**Task instructions**: Please give the lines below again exactly as they stand, from the one that contains "Для того, чтобы" up to and including the one that contains "Invitation to the", leaving all pictures out.

**Data listing**:
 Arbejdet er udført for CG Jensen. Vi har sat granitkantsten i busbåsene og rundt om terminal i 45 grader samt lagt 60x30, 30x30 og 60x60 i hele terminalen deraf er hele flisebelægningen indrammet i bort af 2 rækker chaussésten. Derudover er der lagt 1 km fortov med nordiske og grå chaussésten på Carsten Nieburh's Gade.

* * *

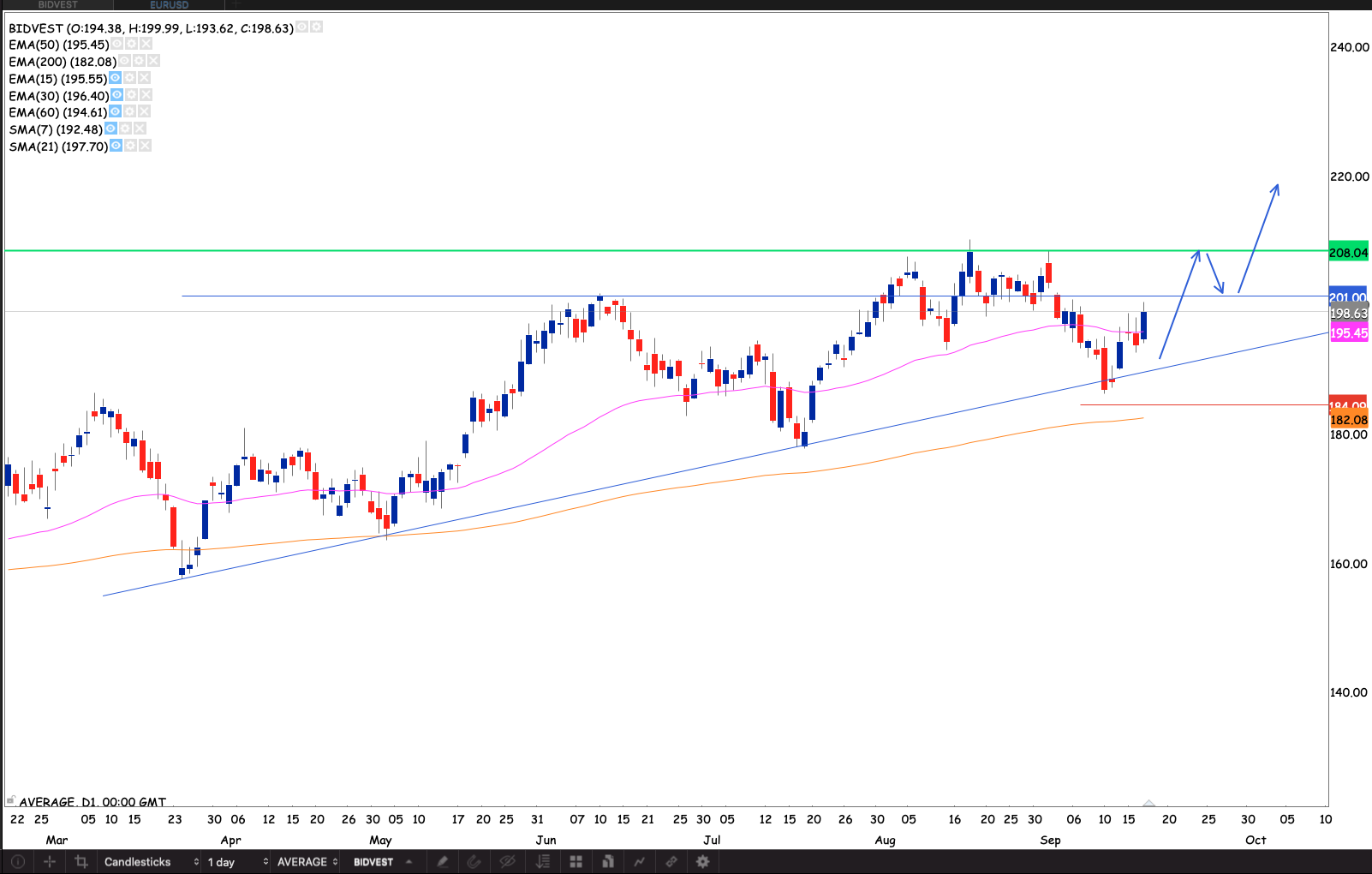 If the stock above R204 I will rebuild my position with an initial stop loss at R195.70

--

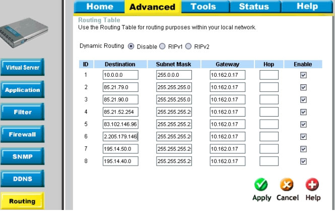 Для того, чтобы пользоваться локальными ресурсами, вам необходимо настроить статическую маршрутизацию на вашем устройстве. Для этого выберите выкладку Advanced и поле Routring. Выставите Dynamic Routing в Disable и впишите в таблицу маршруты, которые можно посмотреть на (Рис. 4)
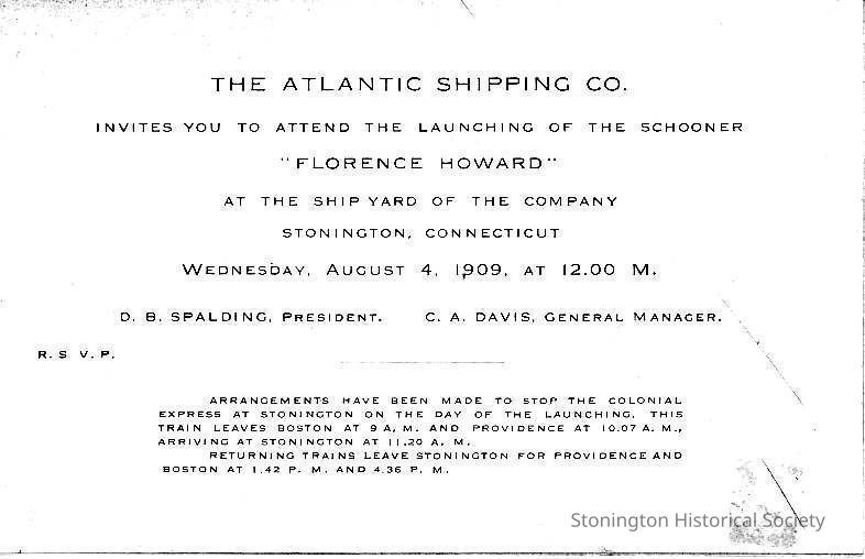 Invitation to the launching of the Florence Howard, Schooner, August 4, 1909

**The answer**:
 Для того, чтобы пользоваться локальными ресурсами, вам необходимо настроить статическую маршрутизацию на вашем устройстве. Для этого выберите выкладку Advanced и поле Routring. Выставите Dynamic Routing в Disable и впишите в таблицу маршруты, которые можно посмотреть на (Рис. 4)
 Invitation to the launching of the Florence Howard, Schooner, August 4, 1909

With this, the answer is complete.